◆ Provided entries:
::::::

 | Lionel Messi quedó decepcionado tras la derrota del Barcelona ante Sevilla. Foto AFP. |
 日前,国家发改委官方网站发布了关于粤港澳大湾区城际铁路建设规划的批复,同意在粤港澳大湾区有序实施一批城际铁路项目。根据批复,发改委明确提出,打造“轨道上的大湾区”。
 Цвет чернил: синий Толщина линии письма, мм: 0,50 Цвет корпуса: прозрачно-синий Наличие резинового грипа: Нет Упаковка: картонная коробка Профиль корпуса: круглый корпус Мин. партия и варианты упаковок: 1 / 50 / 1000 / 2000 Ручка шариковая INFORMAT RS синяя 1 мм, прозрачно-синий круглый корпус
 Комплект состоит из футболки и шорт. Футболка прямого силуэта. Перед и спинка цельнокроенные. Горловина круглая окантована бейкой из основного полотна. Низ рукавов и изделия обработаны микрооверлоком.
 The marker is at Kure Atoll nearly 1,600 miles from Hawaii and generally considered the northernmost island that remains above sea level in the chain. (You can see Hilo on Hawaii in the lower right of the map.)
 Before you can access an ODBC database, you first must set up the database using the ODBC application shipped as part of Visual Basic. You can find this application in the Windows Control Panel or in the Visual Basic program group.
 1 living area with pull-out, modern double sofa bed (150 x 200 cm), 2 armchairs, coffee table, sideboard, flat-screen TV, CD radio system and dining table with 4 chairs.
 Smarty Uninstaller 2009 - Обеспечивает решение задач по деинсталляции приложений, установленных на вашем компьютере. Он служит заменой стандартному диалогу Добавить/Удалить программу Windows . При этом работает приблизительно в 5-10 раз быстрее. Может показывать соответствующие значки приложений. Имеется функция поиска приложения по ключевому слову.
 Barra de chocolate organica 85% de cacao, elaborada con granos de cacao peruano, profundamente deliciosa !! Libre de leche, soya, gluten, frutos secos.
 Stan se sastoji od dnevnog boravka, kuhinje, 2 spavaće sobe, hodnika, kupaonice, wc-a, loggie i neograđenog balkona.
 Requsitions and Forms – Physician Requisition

::::::

◆ The task: Give again exactly, and only, the lines above starting at the one with "Цвет чернил: синий" and ending at the one with "The marker is".

◆ Solution below:
 Цвет чернил: синий Толщина линии письма, мм: 0,50 Цвет корпуса: прозрачно-синий Наличие резинового грипа: Нет Упаковка: картонная коробка Профиль корпуса: круглый корпус Мин. партия и варианты упаковок: 1 / 50 / 1000 / 2000 Ручка шариковая INFORMAT RS синяя 1 мм, прозрачно-синий круглый корпус
 Комплект состоит из футболки и шорт. Футболка прямого силуэта. Перед и спинка цельнокроенные. Горловина круглая окантована бейкой из основного полотна. Низ рукавов и изделия обработаны микрооверлоком.
 The marker is at Kure Atoll nearly 1,600 miles from Hawaii and generally considered the northernmost island that remains above sea level in the chain. (You can see Hilo on Hawaii in the lower right of the map.)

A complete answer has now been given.